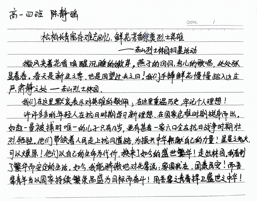 青春正逢盛世,奋进正当其时。希望同学们学习革命先烈不怕牺牲、勇往直前的革命精神,心怀家国,积极进取,奋发有为!努力成长为有理想、敢担当、能吃苦、肯奋斗的新时代好青年!
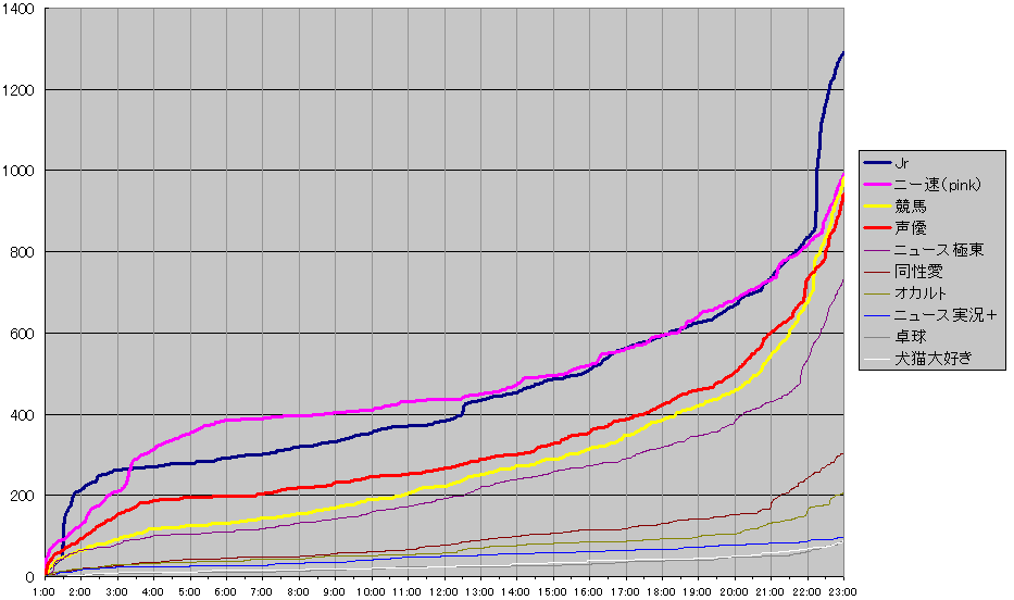 第1位 Jr(1290票)![]() 第2位 ニー速(pink)(991票) ![]() 第3位 競馬(982票) ![]() 第4位 声優(941票) ![]() 第5位 ニュース極東(733票) 第6位 同性愛(305票) 第7位 オカルト(208票) 第8位 ニュース実況+(98票) 第9位 卓球(88票) 第10位 犬猫大好き(87票) |
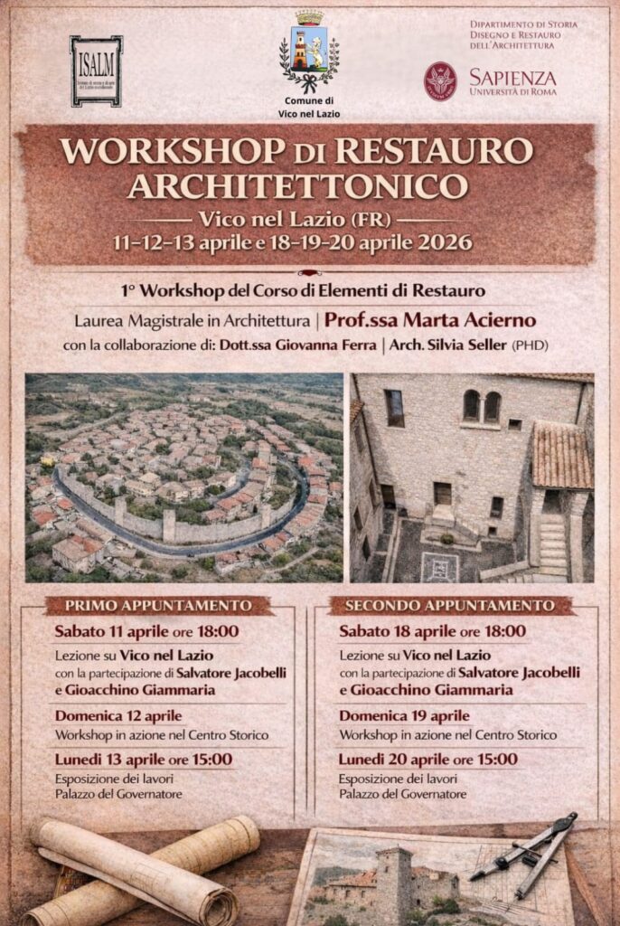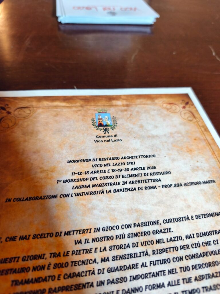 Il fascino immutato del medioevo che incontra il rigore della scienza accademica tra i vicoli di pietra di uno dei borghi più suggestivi della Ciociaria. Si è concluso con un bilancio estremamente positivo, nel weekend del 18 e 19 aprile, il primo workshop di restauro architettonico che ha trasformato il centro storico di Vico nel Lazio in un vero e proprio laboratorio didattico a cielo aperto. L’iniziativa, nata dalla stretta collaborazione con il Dipartimento di Storia Disegno e Restauro dell’Architettura dell’Università La Sapienza di Roma, ha segnato un punto di svolta nel rapporto tra tutela del patrimonio e formazione sul campo.
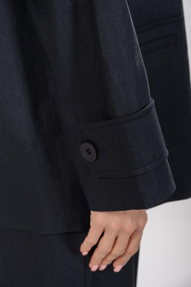 Жакет имеет прямой крой, который обеспечивает комфортную посадку по фигуре. Застежка на пуговицы, лацканы классической формы и накладные карманы придают ему завершенный вид. Рукава жакета имеют длину 3/4 и дополнены манжетами.
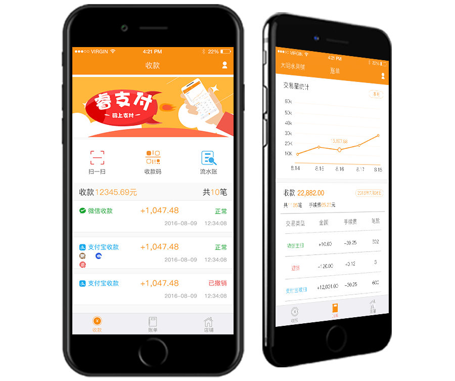 移動端收款app,支持商(shāng)戶注冊、店(diàn)員體(tǐ)系、多(duō)通道掃碼、交易查詢、賬單統計、卡券核銷等功能(néng)。
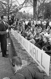 Keywords: blackandwhite monochrome outdoor black and white On June 26, 1963, the North Carolina General Assembly passed the Act to Regulate Visiting Speakers, later known as the Speaker Ban Law. The law forbade anyone to speak on a University of North Carolina campus who was a known member of the Communist Party, was known to advocate overthrow of the United States Constitution, or had invoked the Fifth Amendment in respect of communist or "subversive" connections. The law was rushed through in the closing hours of the legislative session with virtually no debate. Governor Terry Sanford was against the Speaker Ban bill, but at that time the governor of North Carolina could not veto legislation. In the wake of the passage of this law, the communities on the UNC campuses rose up in protest. Students, faculty, and community members protested the law and what it represented over the course of the next several years. A number of complex issues involving many key North Carolina political figures and national leaders kept the controversy very active and widely debated through the mid-1960's. In 1965, the North Carolina General Assembly established a commission to look into the consequenses of the law and recommend either ammedment or repeal of the law. The commission held public hearings in August and September of 1965 and in November amended the law absolving the state legislature from having to make rulings on who could speak on campuses and who could not and returning effective control over those issues to the universities. (Speaker Ban Law Study Commission records are held by the State Archives of North Carolina; finding aid is online www.archives.ncdcr.gov/findingaids/pdf/sa_speaker_ban_law...). In 1966 students at the University of North Carolina at Chapel Hill led by Student Body President Paul Dickson invited Herbert Aptheker and Frank Wilkinson ('known' Communists) to speak on the campus. As expected, the university refused to allow either of the speakers to give their speeches on campus. Instead, they addressed the assembled crowd on March 2, 1966, from across the stone wall that separates the university from the town of Chapel Hill. Ultimately a federal law suit against the university and the State of North Carolina was filed by UNC students. On February 19, 1968, after two years of consideration by the Federal District Court in Greensboro, Dickson, et al. v Sitterson, et al. was decided for the plaintiffs -- the court's opinion found the Speaker Ban law and policy unconstitutional. For more information on the Speaker Ban Law, its complexities, and surrounding events, please see this online exhibit and collection www.lib.unc.edu/mss/exhibits/protests/ban.html, NCpedia entry ncpedia.org/speaker-ban-law, and www.northcarolinahistory.org/commentary/187/entry/, used in the drafting of the above description of this set of images. COPYRIGHTED BY THE RALEIGH NEWS AND OBSERVER NEWSPAPER. DO NOT USE OR PUBLISH WITHOUT EXPRESSED CONSENT FROM THE N&O. On June 26, 1963, the North Carolina General Assembly passed the Act to Regulate Visiting Speakers, later known as the Speaker Ban Law. The law forbade anyone to speak on a University of North Carolina campus who was a known member of the Communist Party, was known to advocate overthrow of the United States Constitution, or had invoked the Fifth Amendment in respect of communist or "subversive" connections. The law was rushed through in the closing hours of the legislative session with virtually no debate. Governor Terry Sanford was against the Speaker Ban bill, but at that time the governor of North Carolina could not veto legislation. In the wake of the passage of this law, the communities on the UNC campuses rose up in protest. Students, faculty, and community members protested the law and what it represented over the course of the next several years. A number of complex issues involving many key North Carolina political figures and national leaders kept the controversy very active and widely debated through the mid-1960's. In 1965, the North Carolina General Assembly established a commission to look into the consequenses of the law and recommend either ammedment or repeal of the law. The commission held public hearings in August and September of 1965 and in November amended the law absolving the state legislature from having to make rulings on who could speak on campuses and who could not and returning effective control over those issues to the universities. (Speaker Ban Law Study Commission records are held by the State Archives of North Carolina; finding aid is online www.archives.ncdcr.gov/findingaids/pdf/sa_speaker_ban_law...). In 1966 students at the University of North Carolina at Chapel Hill led by Student Body President Paul Dickson invited Herbert Aptheker and Frank Wilkinson ('known' Communists) to speak on the campus. As expected, the university refused to allow either of the speakers to give their speeches on campus. Instead, they addressed the assembled crowd on March 2, 1966, from across the stone wall that separates the university from the town of Chapel Hill. Ultimately a federal law suit against the university and the State of North Carolina was filed by UNC students. On February 19, 1968, after two years of consideration by the Federal District Court in Greensboro, Dickson, et al. v Sitterson, et al. was decided for the plaintiffs -- the court's opinion found the Speaker Ban law and policy unconstitutional. For more information on the Speaker Ban Law, its complexities, and surrounding events, please see this online exhibit and collection www.lib.unc.edu/mss/exhibits/protests/ban.html, NCpedia entry ncpedia.org/speaker-ban-law, and www.northcarolinahistory.org/commentary/187/entry/, used in the drafting of the above description of this set of images. COPYRIGHTED BY THE RALEIGH NEWS AND OBSERVER NEWSPAPER. DO NOT USE OR PUBLISH WITHOUT EXPRESSED CONSENT FROM THE N&O.
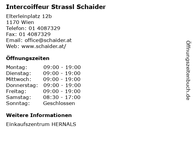 | Öffnungszeiten Intercoiffeur Strassl Schaider in Wien anzeigen | |
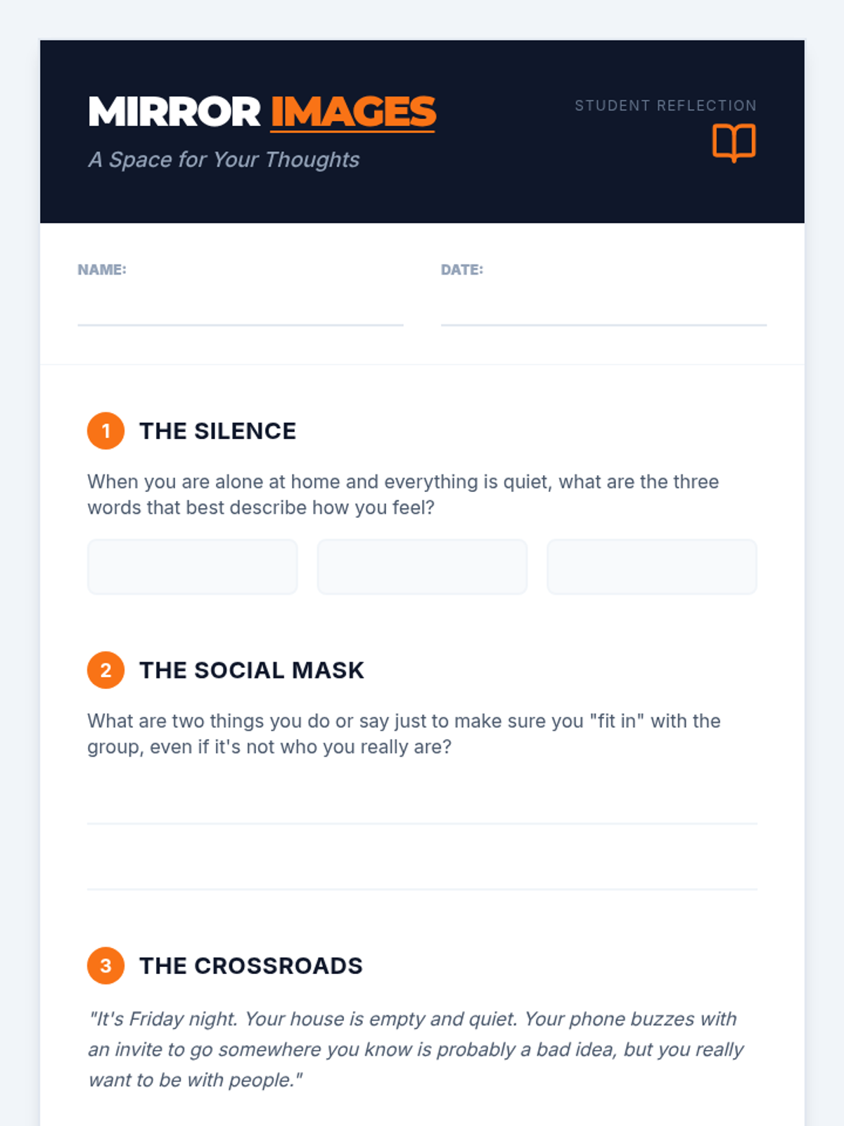 A personal reflection worksheet designed for a 9th-grade student to process their emotions privately. Includes prompts on identifying unmet needs, the 'social mask', and choosing self-worth over social pressure.

Your instructions: Starting at the first line of the entries, restate word for word everything through the line that holds "第1位 Jr(1290票)![]() 第2位", both ends included, but omit any pictures.

Exercise answer:
 青春正逢盛世,奋进正当其时。希望同学们学习革命先烈不怕牺牲、勇往直前的革命精神,心怀家国,积极进取,奋发有为!努力成长为有理想、敢担当、能吃苦、肯奋斗的新时代好青年!
 第1位 Jr(1290票)![]() 第2位 ニー速(pink)(991票) ![]() 第3位 競馬(982票) ![]() 第4位 声優(941票) ![]() 第5位 ニュース極東(733票) 第6位 同性愛(305票) 第7位 オカルト(208票) 第8位 ニュース実況+(98票) 第9位 卓球(88票) 第10位 犬猫大好き(87票) |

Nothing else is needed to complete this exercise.